Specifically, in a state where the silicon wafer is heated, oxygen ions are implanted at the rate of 2×1017 atoms/cm2 with an implantation energy of 185 keV to form a first ion-implanted layer as the high-concentration oxygen layer in the wafer. Then, in a state where this wafer is cooled, the oxygen ions are implanted at the rate of 3×1014 atoms/cm2 with the implantation energy of 185 keV to form a continuous second ion-implanted layer in an amorphous state on the first ion-implanted layer. Further, a temperature of this wafer is increased in an inert atmosphere, e.g., argon containing oxygen, and then high-temperature oxidizing treatment of maintaining the wafer at a high temperature in an oxidizing atmosphere containing oxygen and argon in the ratio of 40% to 60% is carried out. Maintaining the wafer at a high temperature in this oxidizing atmosphere changes the first ion-implanted layer into a BOX layer. Furthermore, the second ion-implanted layer partially overlaps the first ion-implanted layer, and hence the amorphous layer contains high-concentration oxygen. Therefore, re-crystallization of the second ion-implanted layer does not smoothly advance at the time of increasing a temperature in the inert atmosphere, and the second ion-implanted layer becomes a high-density defective layer including polycrystal, a twin crystal, or a stacking fault. Oxygen readily precipitates in a region in which this defective layer is formed.
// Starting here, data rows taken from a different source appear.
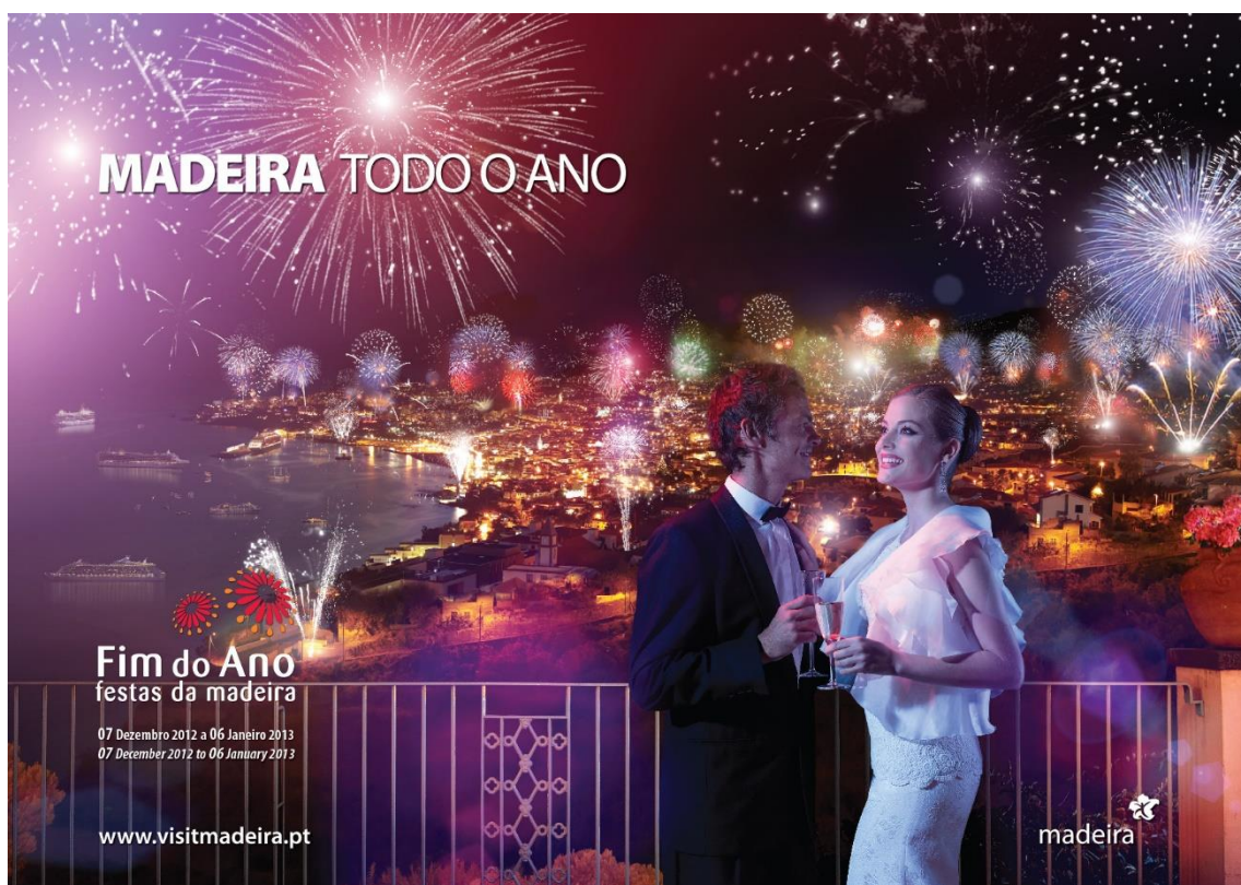
Figura 4: Imagem referente ao Fim de Ano da campanha “Madeira todo o Ano”.

Ao analisarmos a imagem da Festa do Fim de Ano temos dois elementos que se destacam. Um deles é o fogo-de-artifício que exemplifica fielmente o espetáculo da passagem de ano na Madeira. Outro elemento é o casal, elegantemente vestidos e a brindar com champanhe, que nos remete para a ideia de romance e glamour , e representa uma vez mais a beleza feminina. É destacado ainda o mar, que podemos ver na imagem uma vez que no mar do Funchal se reúnem dezenas de barcos para assistir a este espetáculo. Se olharmos detalhadamente para o mar, podemos ver o porto do Funchal, a “pontinha”, e alguns barcos que tanto transmitem a ideia de que esta festa é virada para o turismo, como que a Madeira está ligada à emigração. Esta imagem mostra-nos ainda a beleza paisagística do anfiteatro do Funchal que é aqui representado com grande destaque, numa das noites em que este está mais belo. Encontramos ainda um grande aglomerado de luzes na baixa do Funchal, e um pouco por todo o anfiteatro que representam, com pouco destaque, o Natal e as festas da Madeira. Com pouco destaque encontramos novamente algumas flores
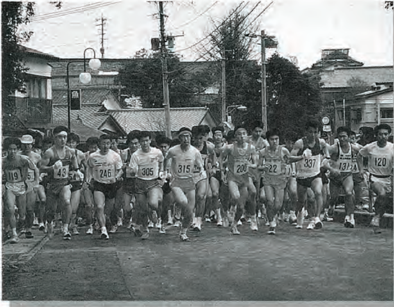
年代別に別れてスタート! 今年も県内外から多くの人が参加
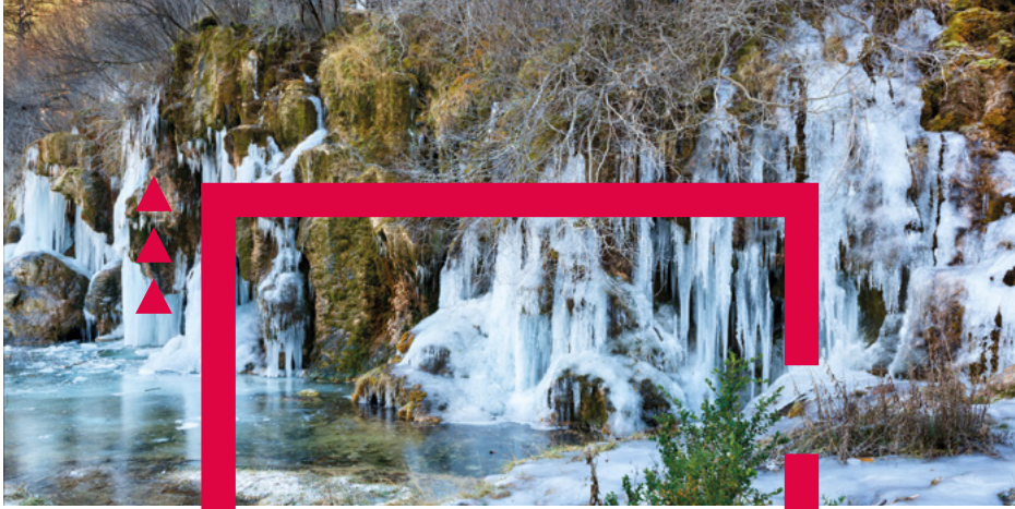
Río Cuervo, Cuenca.
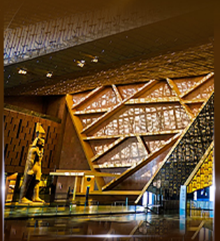
พิพิธภัณฑ์แกรนด์อียิปต์ (GEM)
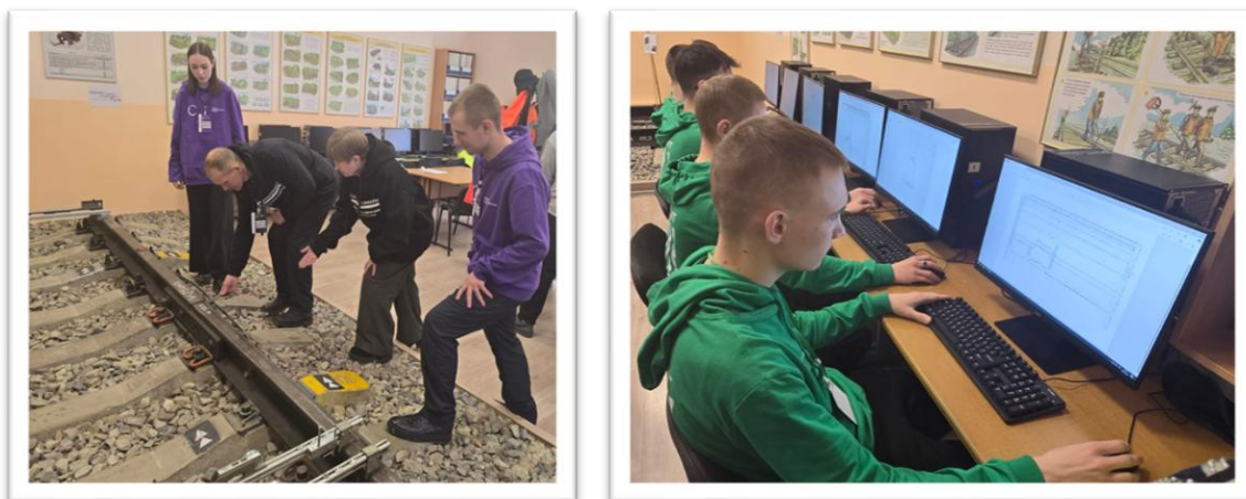
Рис. 4. Рабочие места конкурсантов

пути» среди участников основной возрастной линейки регионального этапа Чемпионата «Профессионалы» вот уже второй год, проходили на площадке Дальневосточного учебного центра профессиональных квалификаций в г. Уссурийске – структурного подразделения Дальневосточной железной дороги [2].
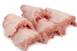
DORSO DE FRANGO CONGELADO KG
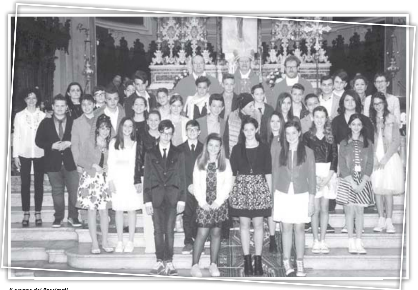
Il gruppo dei Cresimati

La fotocronaca della intera cerimonia prenderebbe da sola una considerevole quantità di pagine del nostro notiziario, ci scusino, pertanto, i nostri lettori se condensiamo in quattro pagine i momenti più significativi della giornata che, siamo certi, segnerà i cuori e le menti dei nostri ragazzi indelebilmente.
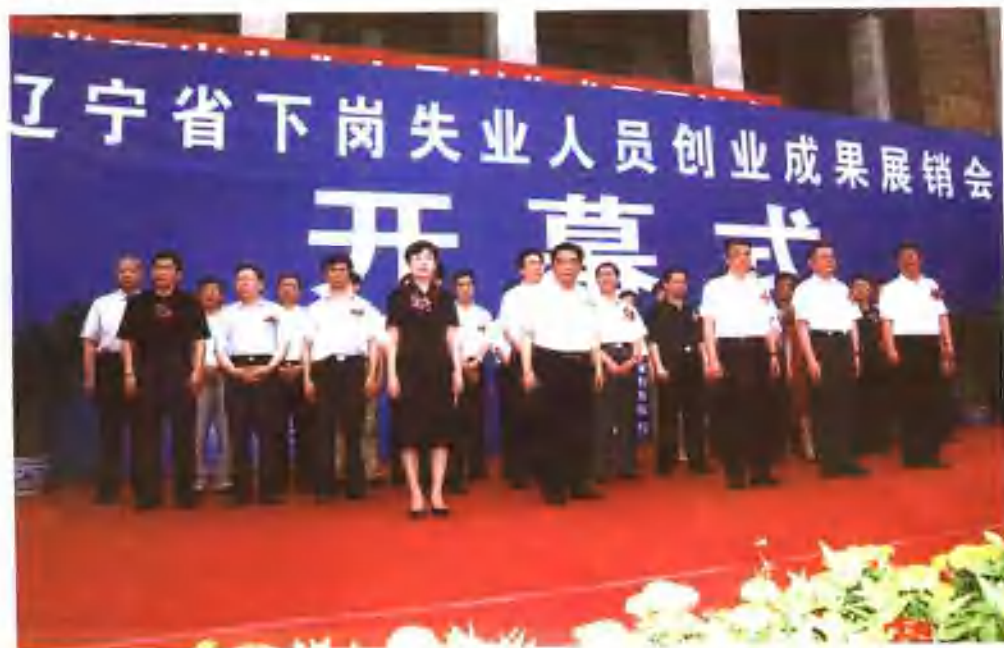
省委、省人大、省政府、省政协领导出席第二届辽宁省下岗失业人员创业成果展销会。
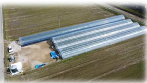
令和5年度に新たに整備されたイチゴミニトレーニングファーム
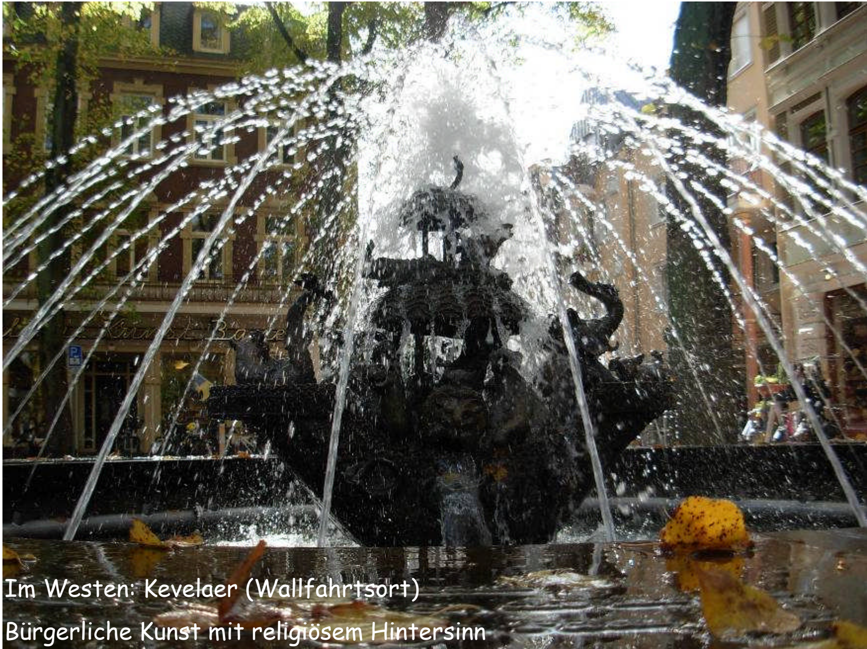
Im Westen: Kevelaer (Wallfahrtsort) Bürgerliche Kunst mit religiösem Hintersinn
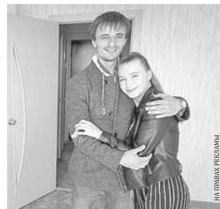
НА ПРАВЫХ РЕКЛАМЫ

В мае десятки семей томичей также отметили новоселье в доме в пер. Речном, 3, в жилом комплексе Радонежском.
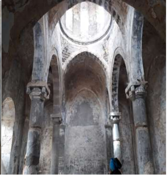
Merkez Olucak Köyü İmera Manastırı Onarım İşi (2. Kısım)
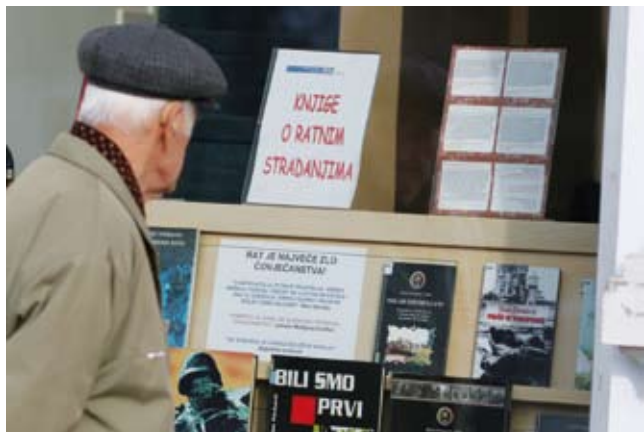
Izložba knjiga o ratnim stradanjima

Rat i ratna razaranja, bez obzira koliko mi to željeli, ne smiju se zaboraviti, a vrlo je dobro što na ovom festivalu posjetitelji mogu pogledati ratne igrane filmove iz različitih zemalja
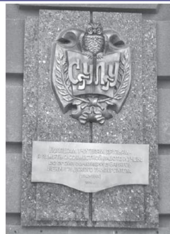
Памятный знак на X корпусе Саратовского университета в честь пребывания Ленинградского университета в Саратове.
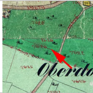
1857 Katasterplan (StAD)
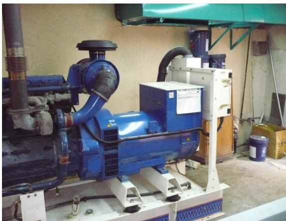
Planta Servicios Generales
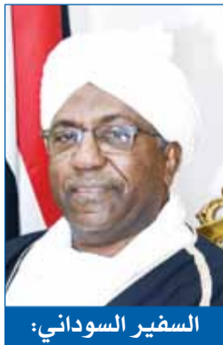
السفير السوداني: نرجو للكويت مزيداً من التماسك والوحدة والأمن والاستقرار
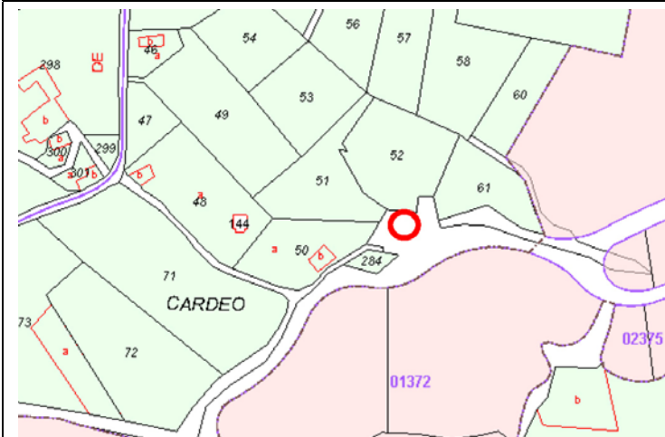
Plano de Catastro (Junio2010). E: 1/5000
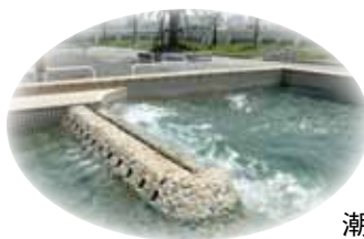
潮吹き防波堤のレプリカ
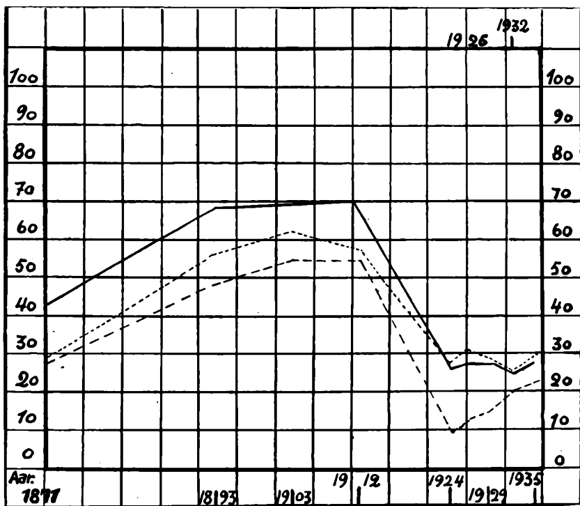
— Første Gruppe. - - - - - Anden Gruppe. — Tredie Gruppe.

Men der er visse Træk i Udviklingen, som nødvendiggør, at Interessen samles om Situationen, som den har formet sig, og som den former sig for Øjeblikket. For bedre at gøre den anskuelig illustreres Udviklingen nedenfor ved Hjælp af en Kurve, som for hver af de tre Grupper Vedkommende tager sit Udgangspunkt i Resultatet fra det tyske Rigsdagsvalg i 1871:
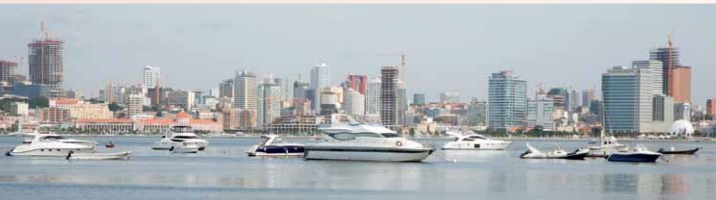
Yachten vor Luanda.

Fonds für Risikokapital ( Fundo Activo de Capital de Risco Angolano , FACRA) eröffnet und die Verantwortung dafür ebenfalls bereits seinem Sohn «Zenu» übertragen. Die Bank, über die dieser Fonds operativ wurde, ist einmal mehr der Banco Kwanza Invest (KWI) 26 – angeblich, weil dies die einzige angolansische Investitionsbank sei, die mit diesem Auftrag nicht in einen Interessenkonflikt gerate. 27
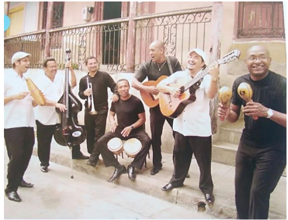
B- Músicos tocando en una calle de la Habana (Cuba), 2010
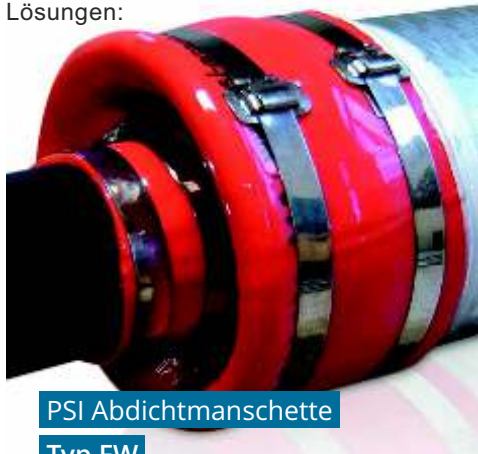
PSI Abdichtmanschette Typ FW

Der wasserdichte Abschluss von Schutzrohrmaßnahmen und/oder das wasserdichte Abdichten von Schacht- und Hauseinführungen bei Fernwärmerohrleitungen erfordert immer eine besondere Beachtung während der Planung und auch während der Durchführung von von Baumaßnahmen im Fernwärmerohrbereich. PSI Products GmbH hat hier die passenden und baustellengerechten Lösungen:
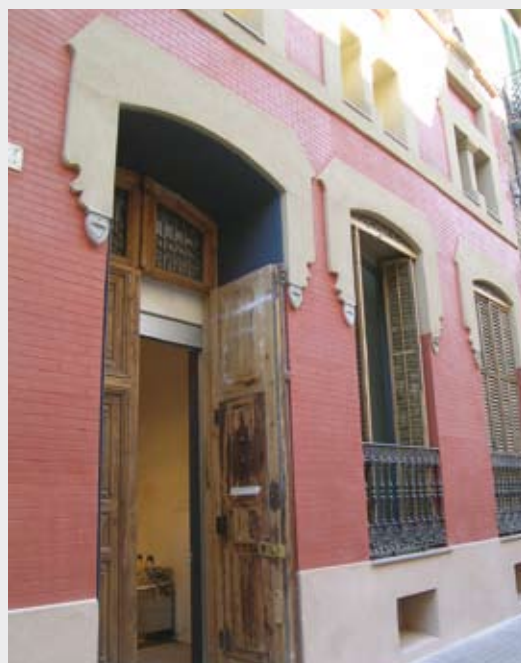
Ca l'Arenas. Centre d'art del Museu de Mataró

Resultat dels tallers entorn del retrat del servei pedagògic de la temporada 2006-2007.
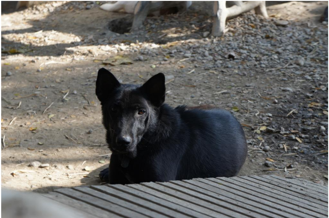
Kuva 13. Kuvan koira ei ollut täysin varma siitä olenko uhka vai ystävä. Se päätti kuitenkin jäädä lähistölle tutkailemaan touhujani, mutta pysyi turvallisen välimatkan päässä.
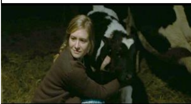
Abbildung 18 Forschperspektive
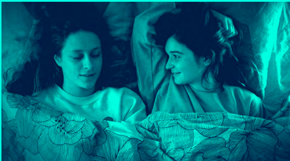
Une sur trois
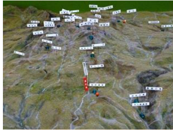
다이세쓰 산의 투시도
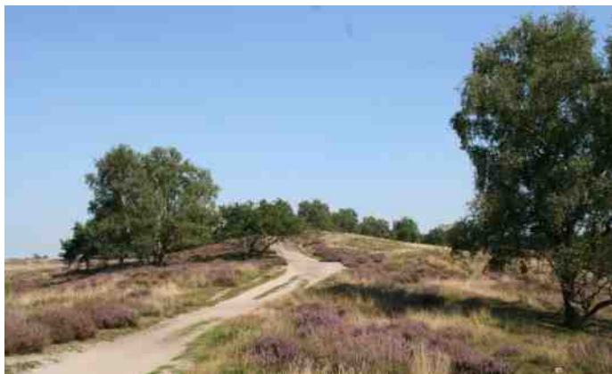
Een blik op het landschap van de Maasduinen.

In a subsequent process of maintaining the wafer at a high temperature in the oxidizing atmosphere, oxygen in the atmosphere enters the wafer from front and back sides of the wafer to be dispersed inside, and oxygen is concentrated in the high-density defective layer topresipitate, thereby forming the BOX layer. Therefore, a small ion dose amount allows acquisition of a SIMOX wafer having a BOX layer whose thickness is the same as that obtained when implanting a double dose amount.
However, in the manufacturing method disclosed in U.S. Pat. No. 5,930,643, oxygen in the oxidizing atmosphere during the high-temperature oxidizing treatment is apt to be precipitated in the high-density defective layer, and a SIMOX wafer having a BOX layer with a thin film thickness demanded by a semiconductor device manufacturer is hard to be manufactured.
As a countermeasure, a temperature in the high-temperature oxidizing treatment is further increased to resolve oxygen precipitated in the high-density defective layer, or an oxygen concentration in the oxidizing atmosphere is lowered to reduce an amount of oxygen concentrated in the high-density defective layer, whereby an oxygen precipitation amount is reduced, thus forming a BOX layer with a thin film thickness. However, considering performance of a current anneal furnace, when a high-temperature treatment is carried out at a temperature exceeding 1350° C., a high-quality SIMOX wafer is hard to be manufactured. Moreover, when an oxygen concentration in the oxidizing atmosphere is lowered, an oxidizing treatment time becomes longer in order to obtain an SOI layer having a predetermined film thickness, resulting in a problem that a manufacturing efficiency is deteriorated and productivity is decreased.